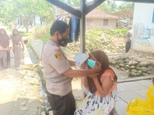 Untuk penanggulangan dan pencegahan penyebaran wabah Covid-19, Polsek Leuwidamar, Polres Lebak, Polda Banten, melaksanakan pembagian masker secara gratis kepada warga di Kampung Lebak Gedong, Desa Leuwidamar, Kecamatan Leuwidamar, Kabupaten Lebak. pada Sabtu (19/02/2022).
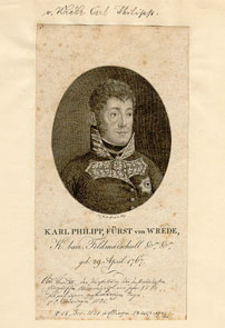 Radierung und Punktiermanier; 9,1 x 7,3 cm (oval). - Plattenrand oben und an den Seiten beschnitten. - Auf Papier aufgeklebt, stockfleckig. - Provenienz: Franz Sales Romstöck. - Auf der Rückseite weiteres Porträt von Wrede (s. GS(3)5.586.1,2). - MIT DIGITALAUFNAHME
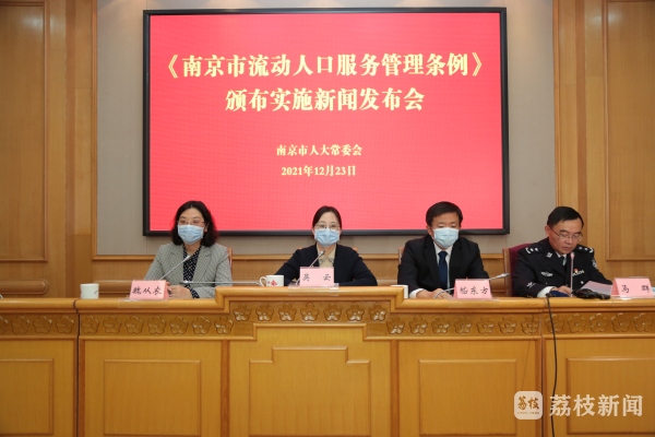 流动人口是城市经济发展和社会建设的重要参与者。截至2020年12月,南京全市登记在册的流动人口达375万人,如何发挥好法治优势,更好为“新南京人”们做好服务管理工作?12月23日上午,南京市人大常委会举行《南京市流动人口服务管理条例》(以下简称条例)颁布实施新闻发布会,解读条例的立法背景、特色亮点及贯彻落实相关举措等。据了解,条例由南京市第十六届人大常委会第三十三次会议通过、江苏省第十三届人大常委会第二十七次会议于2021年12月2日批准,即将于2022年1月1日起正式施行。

---

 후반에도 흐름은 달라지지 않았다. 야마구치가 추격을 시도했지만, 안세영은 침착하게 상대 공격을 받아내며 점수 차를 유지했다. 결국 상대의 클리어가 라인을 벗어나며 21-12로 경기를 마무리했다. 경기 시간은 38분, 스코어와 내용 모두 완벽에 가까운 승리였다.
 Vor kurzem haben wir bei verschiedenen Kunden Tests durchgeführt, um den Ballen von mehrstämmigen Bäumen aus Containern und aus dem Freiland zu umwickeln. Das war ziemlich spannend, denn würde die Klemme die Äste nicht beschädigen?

---

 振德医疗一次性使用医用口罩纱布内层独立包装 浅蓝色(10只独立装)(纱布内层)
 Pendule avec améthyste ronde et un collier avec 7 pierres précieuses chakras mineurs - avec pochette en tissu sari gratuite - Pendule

---

**What is needed**
Look above for the line with "Untuk penanggulangan dan" and the line with "流动人口是城市经济发展和社会". Copy them and every line between, exactly, but no pictures.

**Response**
 Untuk penanggulangan dan pencegahan penyebaran wabah Covid-19, Polsek Leuwidamar, Polres Lebak, Polda Banten, melaksanakan pembagian masker secara gratis kepada warga di Kampung Lebak Gedong, Desa Leuwidamar, Kecamatan Leuwidamar, Kabupaten Lebak. pada Sabtu (19/02/2022).
 Radierung und Punktiermanier; 9,1 x 7,3 cm (oval). - Plattenrand oben und an den Seiten beschnitten. - Auf Papier aufgeklebt, stockfleckig. - Provenienz: Franz Sales Romstöck. - Auf der Rückseite weiteres Porträt von Wrede (s. GS(3)5.586.1,2). - MIT DIGITALAUFNAHME
 流动人口是城市经济发展和社会建设的重要参与者。截至2020年12月,南京全市登记在册的流动人口达375万人,如何发挥好法治优势,更好为“新南京人”们做好服务管理工作?12月23日上午,南京市人大常委会举行《南京市流动人口服务管理条例》(以下简称条例)颁布实施新闻发布会,解读条例的立法背景、特色亮点及贯彻落实相关举措等。据了解,条例由南京市第十六届人大常委会第三十三次会议通过、江苏省第十三届人大常委会第二十七次会议于2021年12月2日批准,即将于2022年1月1日起正式施行。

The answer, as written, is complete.